The first time I met Mike from The Deadly Syndrome, he was throwing up on my couch. He had been out drinking the night before with Will, tore the head off a paper mache dummy, wrestled it across a stranger’s front lawn and then stumbled up to my house (I was living with Will and Jesse, and soon Chris would move into the garage) where he puked all over everything and passed out.
There was a lot of that sort of thing when The Deadly Syndrome first got together. Everyone was running around having fun, working shitty jobs, and writing music all the time. The house was drowning in instruments. There were cheap old organs that somebody picked up off Craigslist. Guitars, pianos, keyboards, violins, all broken down and beat up, just laying around in case somebody needed them.
The weeks started to revolve around shows. You know how whenever someone says, “You should check out my friend’s band?” how your immediate reaction is “are you saying that just because they’re your friend?” I never had that problem. The guys attacked the stage; the audience lost their minds. Their shows were like festivals (with lots of cardboard cut outs). It was a wonderful couple of years.
And then it stopped being fun.
It’s a cliché to say that youth is fleeting. But it’s true. And it’s hard to separate youth from rock and roll. That’s not to say The Deadly Syndrome are a bunch of geriatrics, they aren’t. But after two years of being together they were four guys who loved music, but still weren’t able to do it for a living. Four guys who were getting older and starting to think about things like financial security, maybe starting a family, having a car that didn’t break down all the time, getting health insurance, etc – all the stuff that keeps making more and more noise as the years go by and you start growing up.
And growing up is tricky business in rock and roll. Because the truth is that while age doesn’t stifle creativity, it certainly encourages stagnation. And stagnation leads to a sad and boring road that either ends with too much thinking about The Good Old Days or Fat Elvis.
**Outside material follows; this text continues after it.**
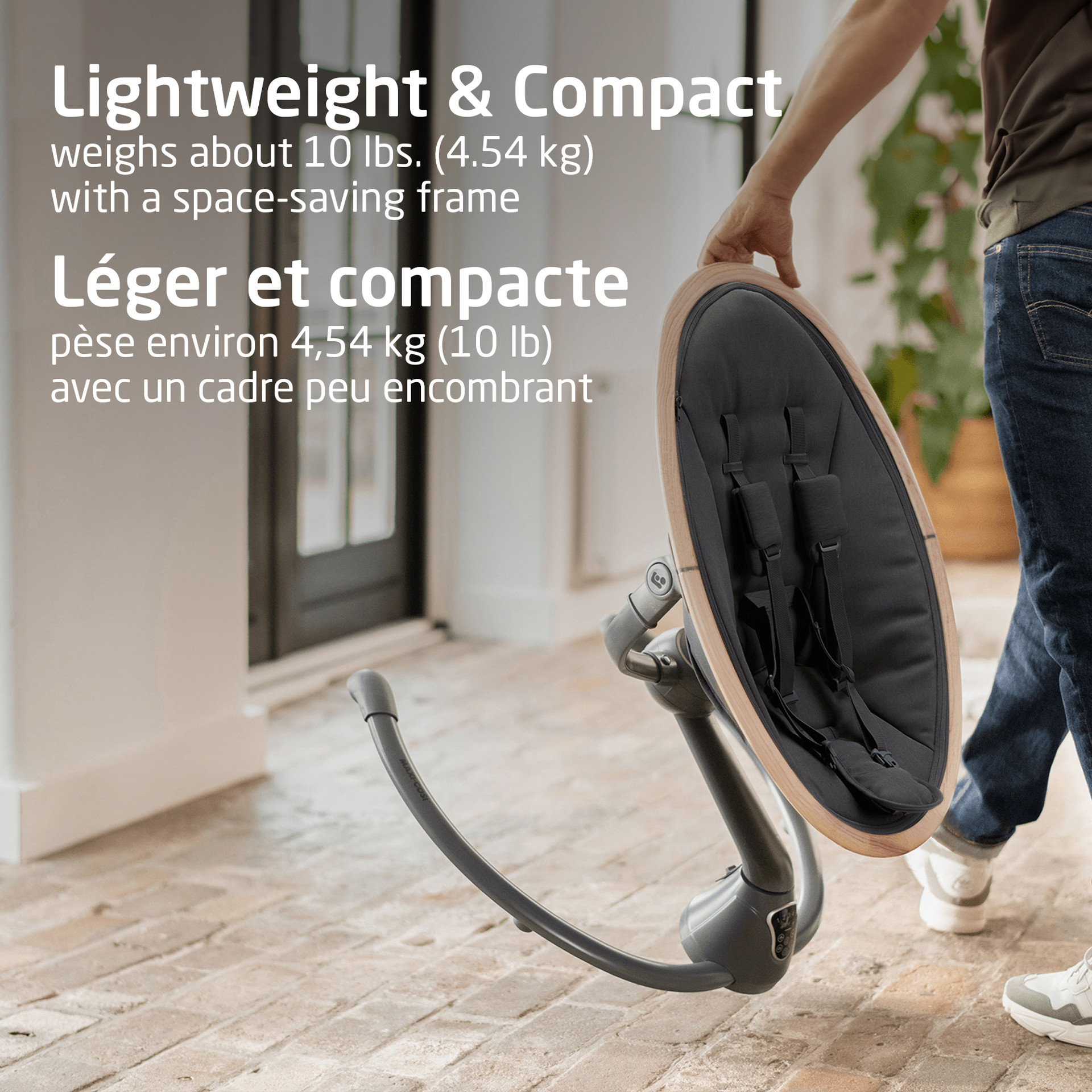 Que vous soyez dans le salon ou au bureau, la rotation à 360° vous permet de maintenir un contact visuel avec votre bébé. Pesant environ 10 lbs (4,54 kg), la Cassia est facile à déplacer et convient parfaitement aux petits espaces, grâce à son cadre peu encombrant.

So after a couple of years I think the guys weren’t sure what to do. If you’ll allow me another cliché, things were starting to feel like an ending, rather than a beginning. At this point they could have very easily broken up. Left on good terms and gone their separate ways. Or they could have written another Ortolan. Similar songs played in the same venues, stretching out the good times as far as they could. Instead they moved all of their stuff into a cabin up in the woods and started over.
There weren’t a lot of updates, no hand wringing or bragging, nothing specific, just the occasional word that things were moving along. And then one day after about nine months had gone by, they let everyone know that they had finished an album and were calling it Nolens Volens.
The songs, the production, it all seems to be the work of a band that has found its strengths, and is busy seeing how far they can push them. You can hear the earlier, younger band throughout all the songs, but there’s something else there as well. A sort of self-assurance that gives each song its own life and space, along with a patience that usually isn’t associated with rock and roll.
More than anything else though, Nolens Volens is about growing up. About the give and take that comes with age and responsibility, about remembering the energy of youth and infusing it into a new, older life.
Or not. Fuck it, maybe I’m over thinking it. Maybe they just made a great record and plan to release it later this year and that’s all there is to it. After all, they’re all still in their 20’s for god’s sake! Why am I talking about growing up? There’s still plenty of time for being young, playing the music too loud, and puking all over everything just before passing out.